Several Broadcom/Cypress Bluetooth firmwares and their firmware update mechanism have been reverse engineered. Based on that we developed a Bluetooth experimentation framework which is able to patch the firmware and therefore implement monitoring and injection tools for the lower layers of the Bluetooth protocol stack.
Publications and Background
Master Thesis (07/2018)
MRMCD Talk (09/2018)
The basic framework for Nexus 5 / BCM4339 was presented at the MRMCD Conference 2018 in Darmstadt. The talk was also recorded and includes an overview of the framework as well as two demo usages at the end (Following a Secure Simple Pairing procedure in Wireshark and implementing a proof of concept for CVE-2018-5383).
35C3 Talk (12/2018)
More extensions were presented at 35C3 2018 in Leipzig. New features include creating connections to non-discoverable devices. Moreover, we gave a demo of CVE-2018-19860, which can crash Bluetooth on several Broadcom chips. This talk was also recorded and gives a more high level overview.
TROOPERS Talk (03/2019)
WiSec Paper (05/2019)
Our WiSec paper Inside Job: Diagnosing Bluetooth Lower Layers Using Off-the-Shelf Devices on reversing the Broadcom Bluetooth diagnostics protocol was accepted, demonstrated and got the replicability label.
MobiSys Paper (06/2019)
Our MobiSys paper InternalBlue - Bluetooth Binary Patching and Experimentation Framework on the complete InternalBlue ecosystem got accepted.
REcon Talk (06/2019)
We gave a talk at REcon, Reversing and Exploiting Broadcom Bluetooth. It provides a first intuition on how to do binary patching in C with Nexmon to change Bluetooth functionality.
MRMCD Talk (09/2019)
Our talk Playing with Bluetooth focuses on new device support within InternalBlue and the Patchram state of various devices.
36C3 Talk (12/2019)
The rather generic talk All wireless communication stacks are equally broken points out a couple of new research directions and new Bluetooth projects coming up.
EWSN Paper & Demo (02/2020)
We did some work on improving blacklisting performance of BLE data connections. Currently in a separate blacklisting branch.
This list is subject to change, but we give you a brief overview.

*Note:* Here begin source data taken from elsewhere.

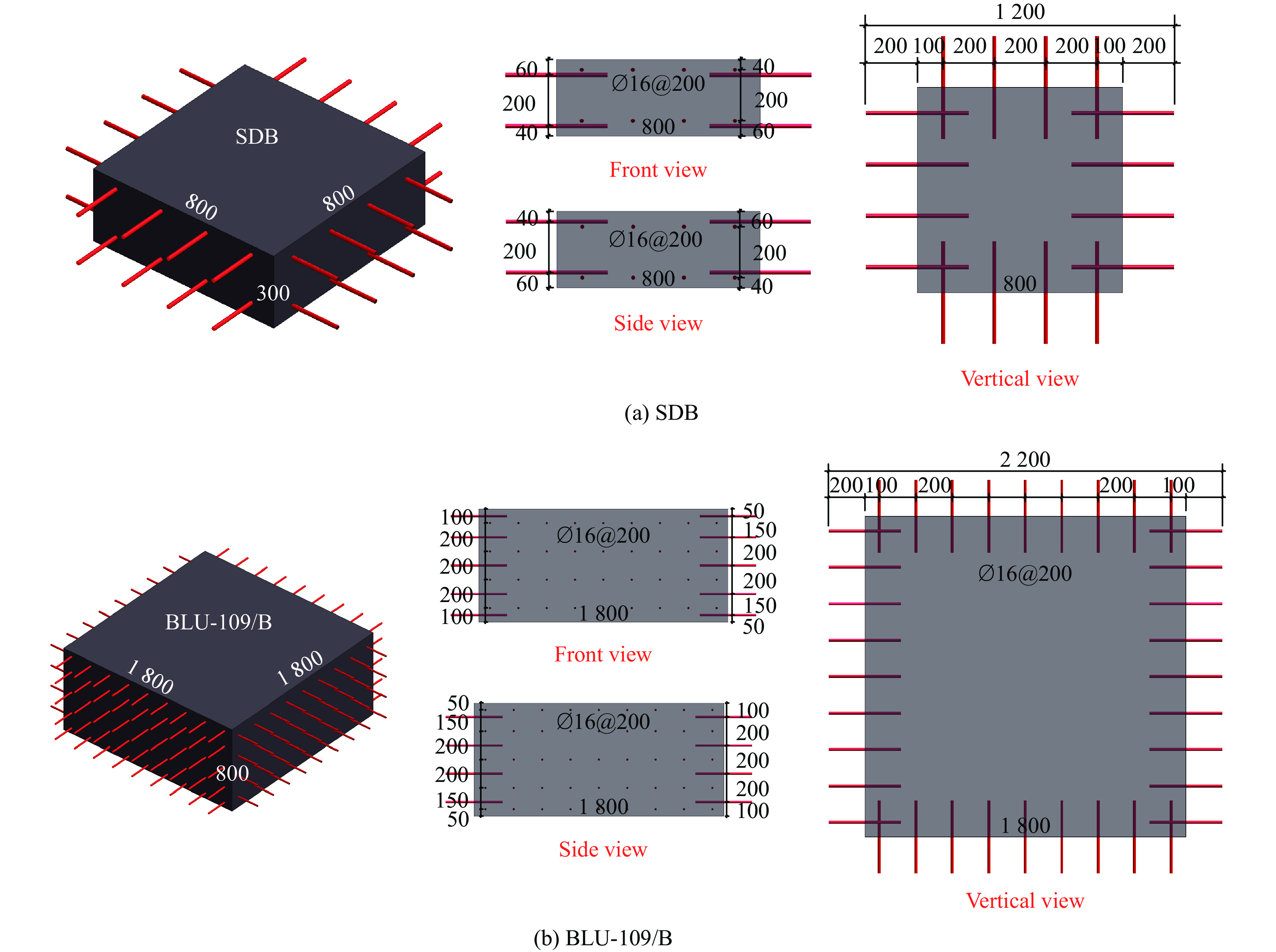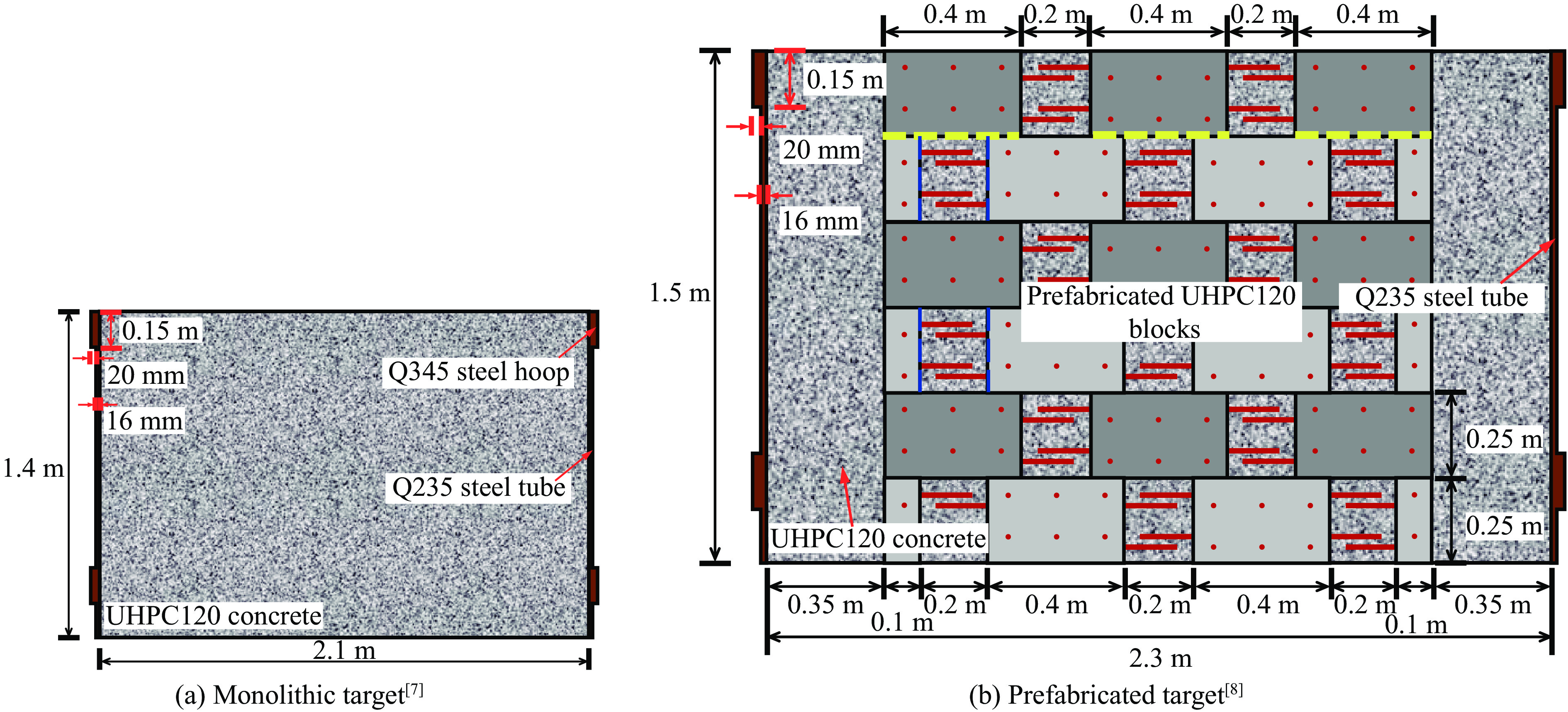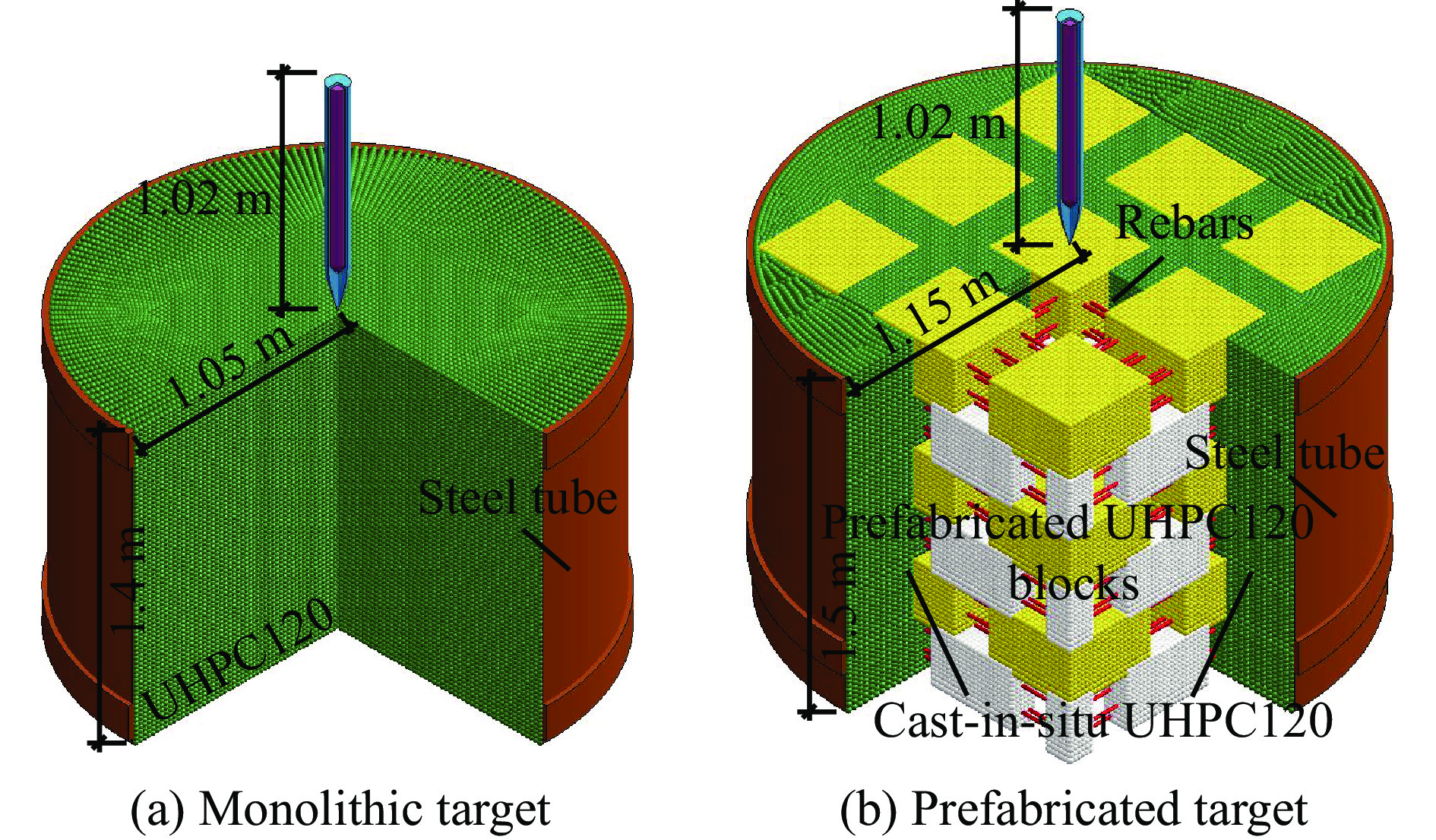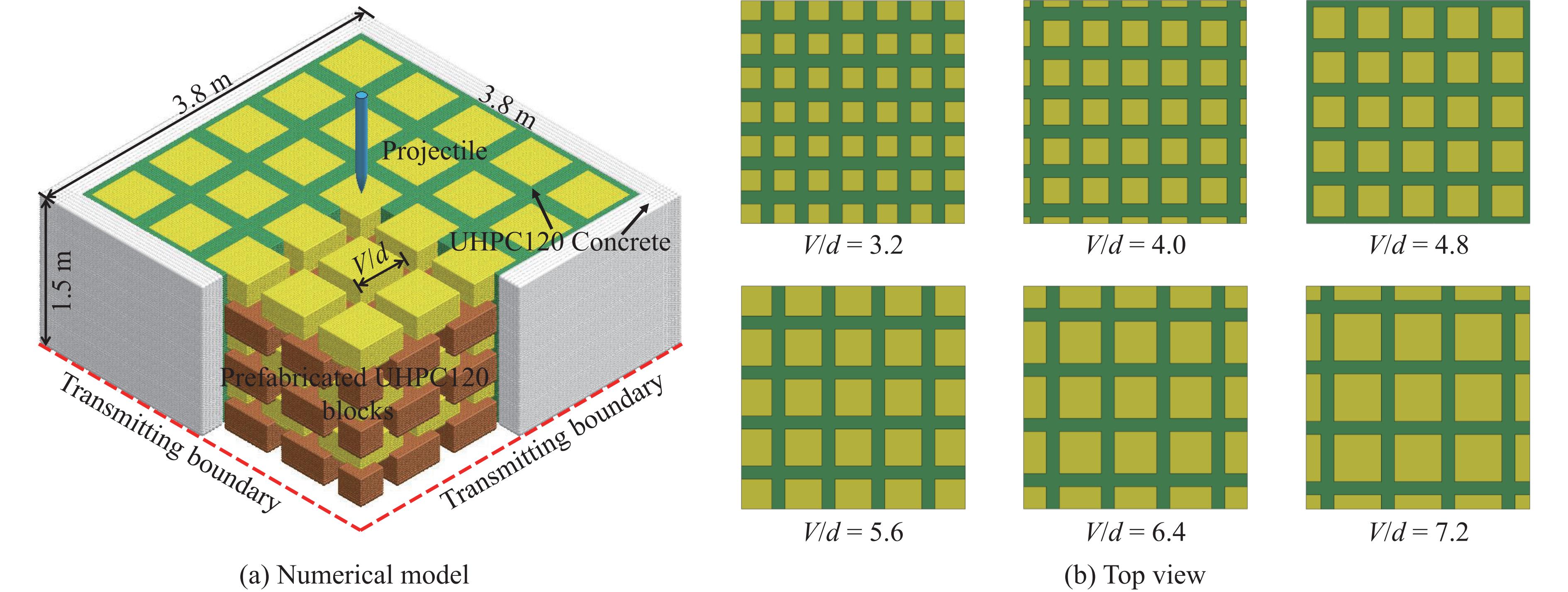 Prefabricated concrete bursting layer has a very important application prospect in the field of protective engineering attributed to its technical advantages including high construction efficiency and construction quality. However, compared with the monolithic cast-in-situ concrete bursting layer, the impact resistance of the prefabricated concrete bursting layer may be significantly reduced because of the interfaces between the prefabricated blocks and the cast-in-situ part. Therefore, it is important for engineers to reasonably design the prefabricated concrete bursting layer to make its penetration resistance comparable to the monolithic one. To this end, a kind of prefabricated bursting layer connected by wet joints and rebars was proposed in our previous study. In order to apply the prefabricated bursting layer in protective engineering, a series of numerical models were developed to further study its penetration resistance. Firstly, based on the Kong-Fang model and smoothed particle Galerkin (SPG) method, the numerical models were developed and validated against the experimental data of projectile penetrating monolithic and prefabricated targets. Then, the validated numerical models were further used to investigate the influences of prefabricated block size, wet joint width and anchorage length, spacing and diameter of rebars on the penetration resistance of prefabricated targets. Numerical results indicate that increasing the width of wet joints, reducing the spacing between rebars, and extending the anchorage length of rebars can significantly enhance the penetration resistance of prefabricated targets. After clarifying the influences of these parameters, an engineering design method for a prefabricated concrete bursting layer was proposed. Finally, based on this method, two prefabricated high performance concrete targets subjected to two typical types of warhead penetration were designed. Numerical results show that the penetration resistances of two prefabricated targets were comparable to monolithic targets. The proposed engineering design method can provide a reference for engineering applications of prefabricated concrete bursting layers connected by the wet joints and rebars.
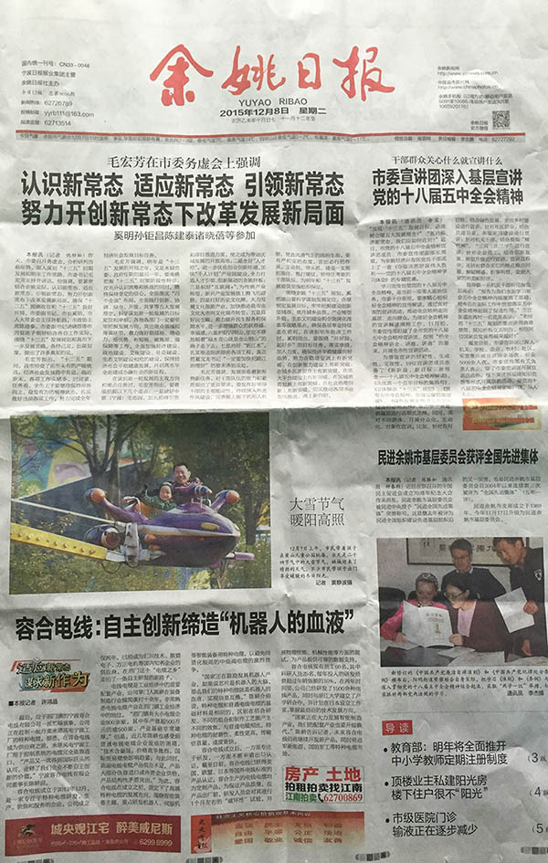 余姚日报:容合电线:自主创新缔造“机器人的血液”
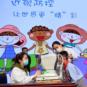当日,河北省沧州市实验小学邀请沧州眼科医院的“眼卫士”医生志愿服务队走进校园,开展爱眼护眼公益讲座,并为孩子们进行视力健康普查,建立“视力档案”。今年3月是教育部部署的春季学期近视防控宣传教育月。新华社发(傅新春 摄)
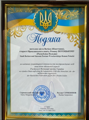 In einer Urkunde mit bewegendem Text dankt der Bürgermeister von Sarny für die Hilfe aus den beiden Partnerkreisen Wroclaw/Breslau und Borken

You probably have a platform with a Broadcom chip that supports most features :)
On any Bluetooth chip:
- Send HCI commands
- Monitor HCI
- Establish connections
On any Broadcom Bluetooth chip:
- Read and write RAM
- Read and write assembly to RAM
- Read ROM
- Set defined breakpoints that crash on execution
- Inject arbitrary valid LMP messages (opcode and length must me standard compliant, contents and order are arbitrary)
- Use diagnostic features to monitor LMP and LCP (with new Android H4 driver patch, still needs to be integrated into BlueZ)
- Read AFH channel map
On selected Broadcom Bluetooth chips:
- Write to ROM via Patchram (any chip with defined firmware file >= build date 2012)
- Interpret core dumps (Nexus 5/6P, Samsung Galaxy S6, Evaluation Boards, Samsung Galaxy S10/S10e/S10+)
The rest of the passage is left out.